PROMPT — Below is a listing; print exactly its lines from the one containing "Харчова добавка Stark" down to the one containing "KIRILMAZ CAM DUVAR", both inclusive, with every picture left out.

RECORDS —
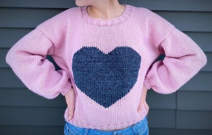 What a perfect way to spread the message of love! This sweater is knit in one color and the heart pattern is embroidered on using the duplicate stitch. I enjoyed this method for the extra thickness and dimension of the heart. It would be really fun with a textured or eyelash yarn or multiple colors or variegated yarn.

* * *

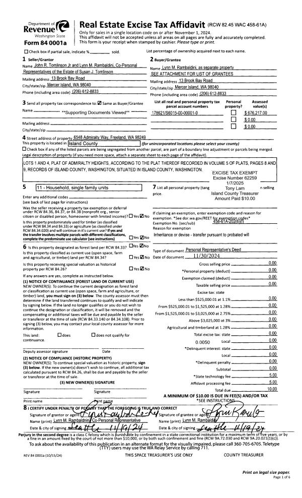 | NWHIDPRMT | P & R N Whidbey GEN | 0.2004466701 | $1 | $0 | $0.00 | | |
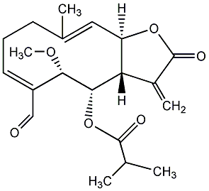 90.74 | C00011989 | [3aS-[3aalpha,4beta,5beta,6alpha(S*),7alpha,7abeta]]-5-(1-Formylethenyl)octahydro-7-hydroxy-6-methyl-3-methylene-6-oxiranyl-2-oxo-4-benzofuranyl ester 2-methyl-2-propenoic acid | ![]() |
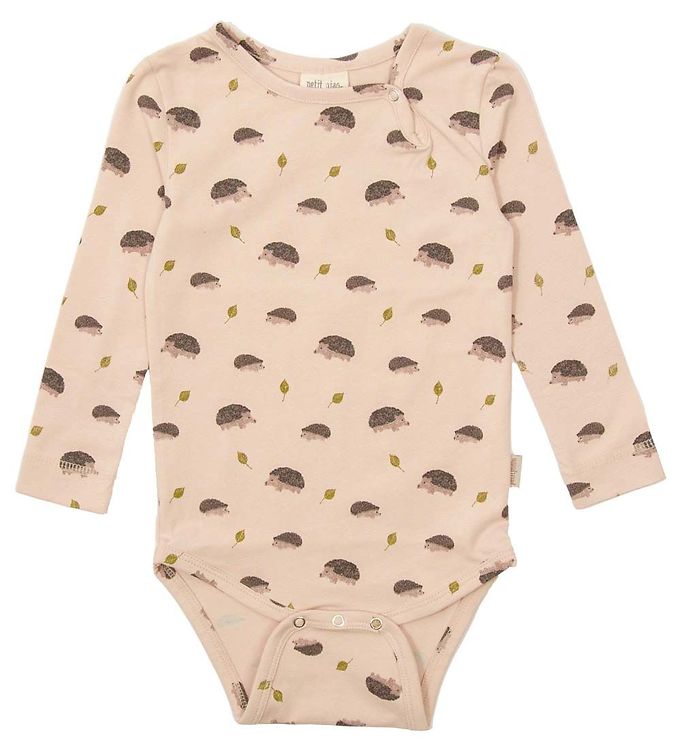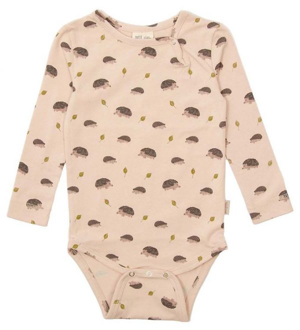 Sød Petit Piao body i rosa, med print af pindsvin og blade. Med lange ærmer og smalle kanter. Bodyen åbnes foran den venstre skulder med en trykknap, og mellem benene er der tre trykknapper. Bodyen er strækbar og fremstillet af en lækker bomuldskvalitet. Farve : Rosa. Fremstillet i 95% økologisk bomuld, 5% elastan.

---

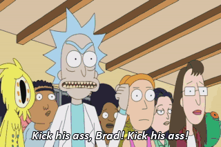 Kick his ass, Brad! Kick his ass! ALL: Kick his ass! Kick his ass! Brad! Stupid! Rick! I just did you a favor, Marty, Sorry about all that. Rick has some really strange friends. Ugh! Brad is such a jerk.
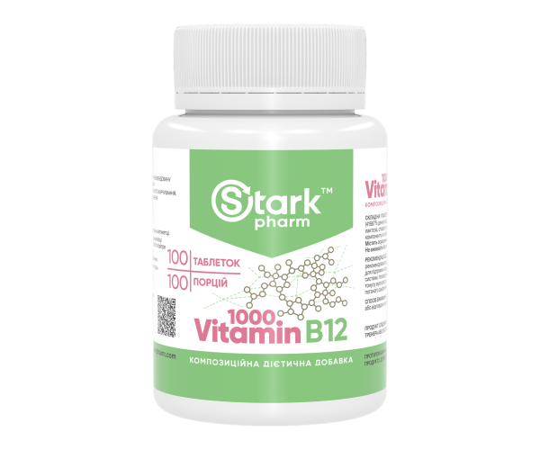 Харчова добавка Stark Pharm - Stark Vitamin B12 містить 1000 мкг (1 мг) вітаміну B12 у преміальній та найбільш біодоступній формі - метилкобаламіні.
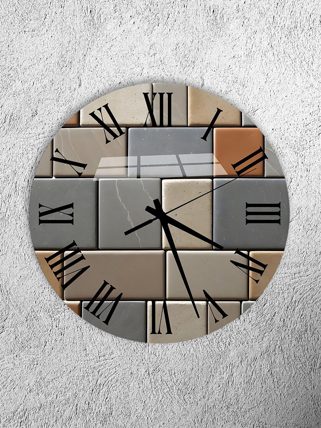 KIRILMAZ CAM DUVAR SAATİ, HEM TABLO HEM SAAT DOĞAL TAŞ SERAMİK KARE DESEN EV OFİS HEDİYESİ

RESPONSE TO THIS TASK —
 Харчова добавка Stark Pharm - Stark Vitamin B12 містить 1000 мкг (1 мг) вітаміну B12 у преміальній та найбільш біодоступній формі - метилкобаламіні.
 KIRILMAZ CAM DUVAR SAATİ, HEM TABLO HEM SAAT DOĞAL TAŞ SERAMİK KARE DESEN EV OFİS HEDİYESİ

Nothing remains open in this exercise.